#### WORK INSTRUCTION:
The lines from the top of the material below through the line containing "此外,爱达魔皆号邮轮还成就有" are to be printed exactly, with pictures omitted.

#### INPUT:
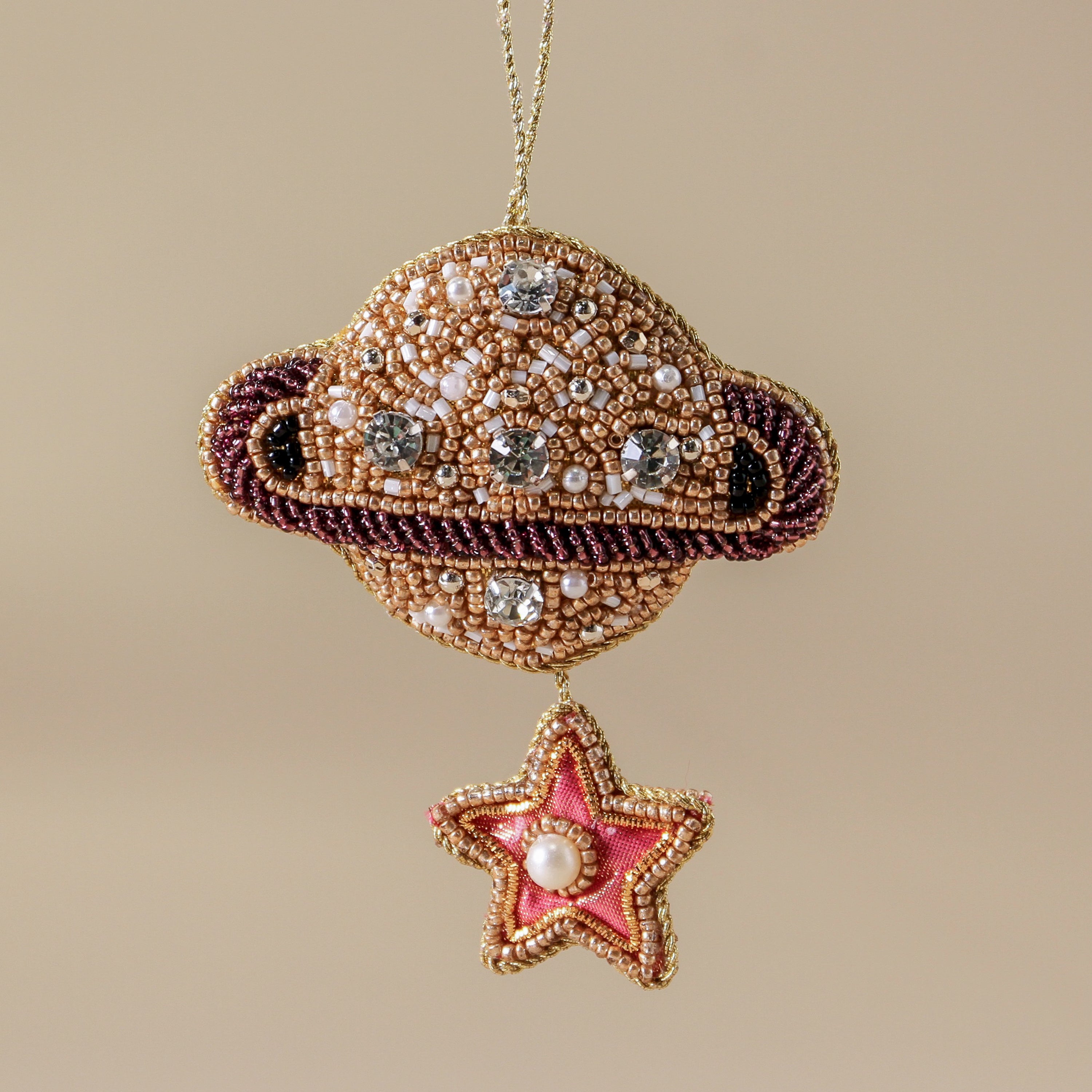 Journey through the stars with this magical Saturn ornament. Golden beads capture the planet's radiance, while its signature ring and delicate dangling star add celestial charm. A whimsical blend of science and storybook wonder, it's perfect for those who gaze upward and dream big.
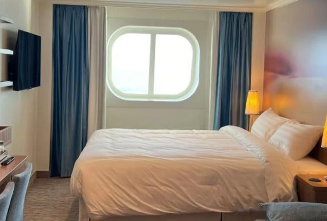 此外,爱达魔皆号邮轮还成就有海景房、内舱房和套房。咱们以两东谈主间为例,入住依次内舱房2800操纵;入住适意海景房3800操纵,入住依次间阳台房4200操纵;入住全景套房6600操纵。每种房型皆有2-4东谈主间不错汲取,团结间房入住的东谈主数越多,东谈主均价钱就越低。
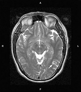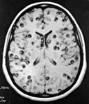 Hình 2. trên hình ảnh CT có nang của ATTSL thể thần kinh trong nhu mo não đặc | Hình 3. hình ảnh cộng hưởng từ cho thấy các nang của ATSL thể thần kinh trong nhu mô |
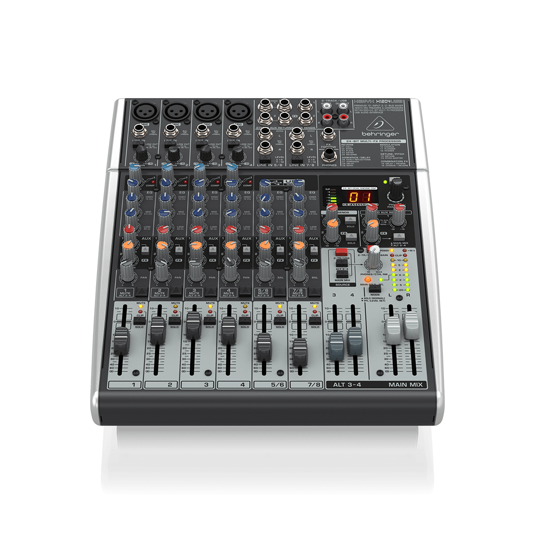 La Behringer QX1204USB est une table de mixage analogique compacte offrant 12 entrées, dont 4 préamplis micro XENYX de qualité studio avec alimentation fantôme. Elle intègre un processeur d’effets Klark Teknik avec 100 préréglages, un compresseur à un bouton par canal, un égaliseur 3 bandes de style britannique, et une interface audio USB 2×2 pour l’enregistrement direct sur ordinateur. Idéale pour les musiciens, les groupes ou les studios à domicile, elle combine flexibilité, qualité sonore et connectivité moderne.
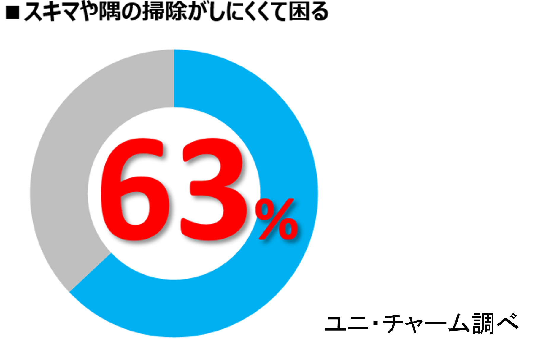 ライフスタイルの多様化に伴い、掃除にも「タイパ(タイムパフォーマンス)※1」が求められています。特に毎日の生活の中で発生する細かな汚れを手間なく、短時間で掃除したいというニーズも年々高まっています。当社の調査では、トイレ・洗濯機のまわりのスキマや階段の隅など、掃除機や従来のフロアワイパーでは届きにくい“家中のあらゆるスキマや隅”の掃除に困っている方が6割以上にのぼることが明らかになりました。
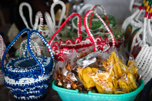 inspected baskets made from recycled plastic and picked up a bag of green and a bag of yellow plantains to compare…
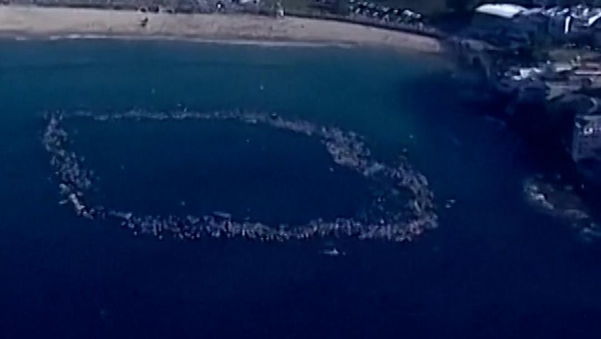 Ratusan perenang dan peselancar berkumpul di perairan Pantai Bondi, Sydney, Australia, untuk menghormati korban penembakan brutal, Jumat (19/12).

#### OUTPUT:
 Journey through the stars with this magical Saturn ornament. Golden beads capture the planet's radiance, while its signature ring and delicate dangling star add celestial charm. A whimsical blend of science and storybook wonder, it's perfect for those who gaze upward and dream big.
 此外,爱达魔皆号邮轮还成就有海景房、内舱房和套房。咱们以两东谈主间为例,入住依次内舱房2800操纵;入住适意海景房3800操纵,入住依次间阳台房4200操纵;入住全景套房6600操纵。每种房型皆有2-4东谈主间不错汲取,团结间房入住的东谈主数越多,东谈主均价钱就越低。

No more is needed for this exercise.